_Exercise directions_:
Go through the entries below and print, exactly, the lines starting at the one with "Чтобы открыть диалог" and ending at the one with "这是我们常见的复杂症状咨询,当遇到多症状", keeping both ends and no others.

_Records provided_:

#####

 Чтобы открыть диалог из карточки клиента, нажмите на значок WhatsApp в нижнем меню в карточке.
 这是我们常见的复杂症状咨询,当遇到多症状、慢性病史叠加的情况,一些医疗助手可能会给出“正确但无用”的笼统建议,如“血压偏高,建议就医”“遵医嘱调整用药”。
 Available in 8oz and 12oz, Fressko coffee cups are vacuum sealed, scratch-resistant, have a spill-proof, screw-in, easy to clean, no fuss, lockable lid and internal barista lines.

#####

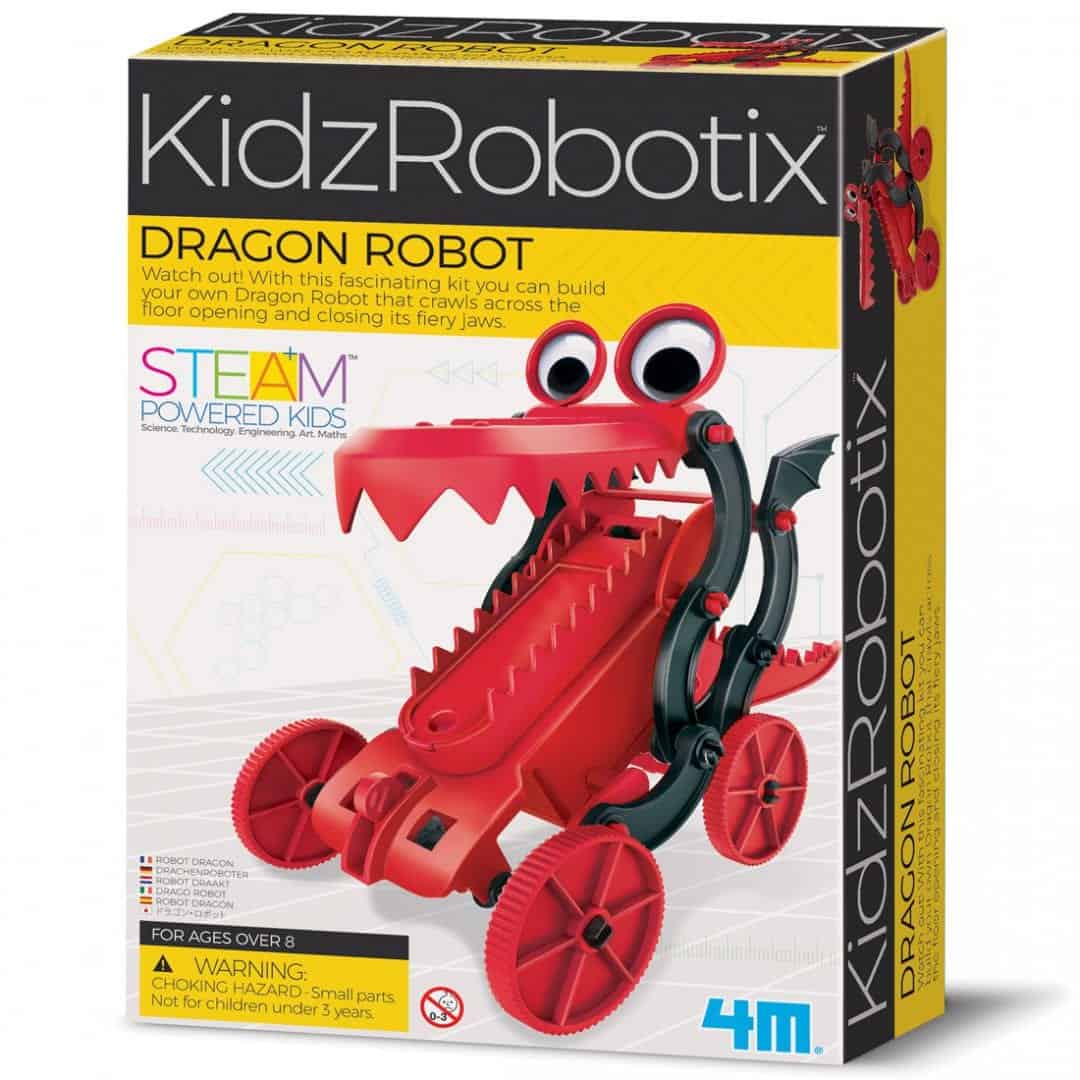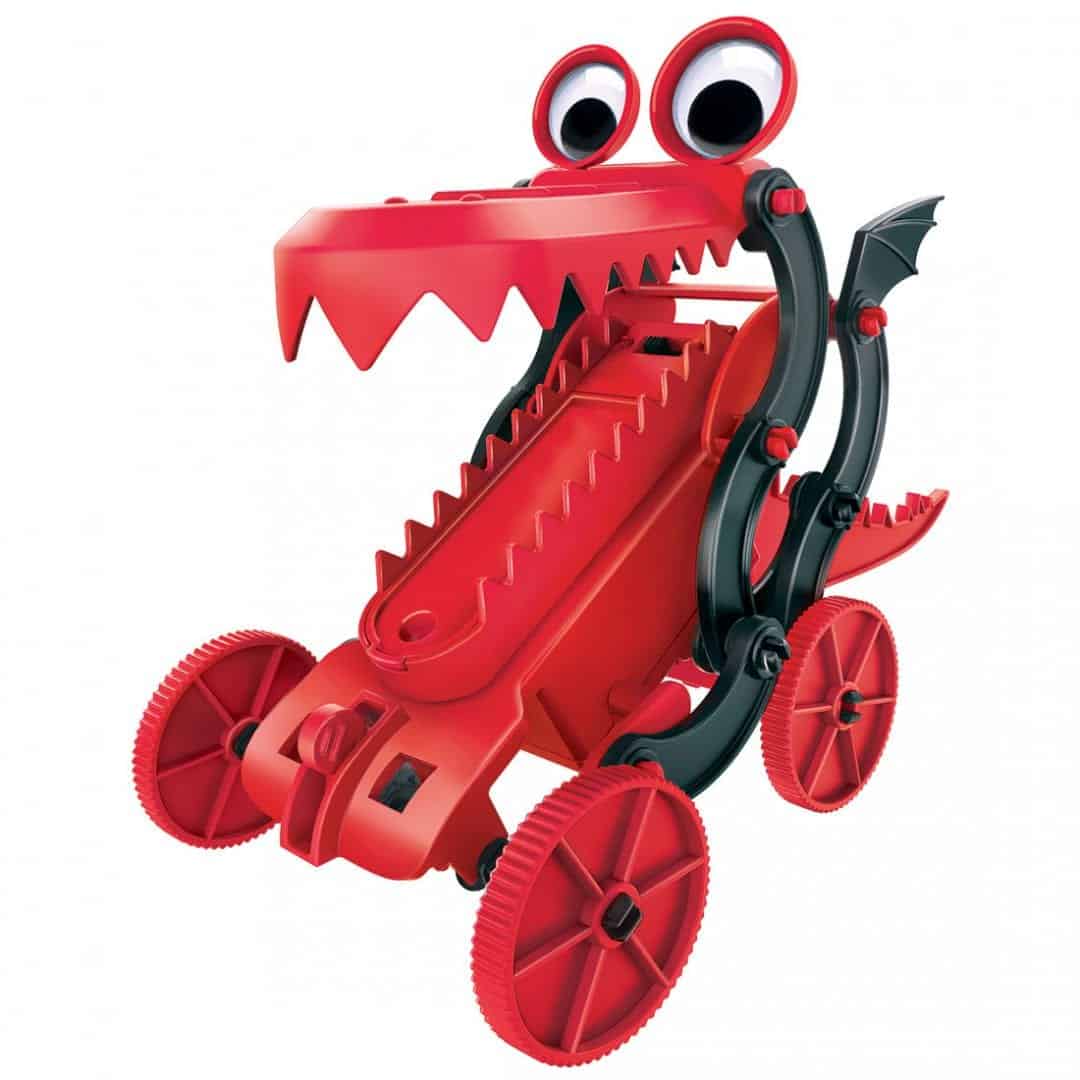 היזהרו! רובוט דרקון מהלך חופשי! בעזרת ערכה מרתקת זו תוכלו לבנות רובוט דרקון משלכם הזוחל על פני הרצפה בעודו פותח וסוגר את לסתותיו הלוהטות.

#####

_Reply_:
 Чтобы открыть диалог из карточки клиента, нажмите на значок WhatsApp в нижнем меню в карточке.
 这是我们常见的复杂症状咨询,当遇到多症状、慢性病史叠加的情况,一些医疗助手可能会给出“正确但无用”的笼统建议,如“血压偏高,建议就医”“遵医嘱调整用药”。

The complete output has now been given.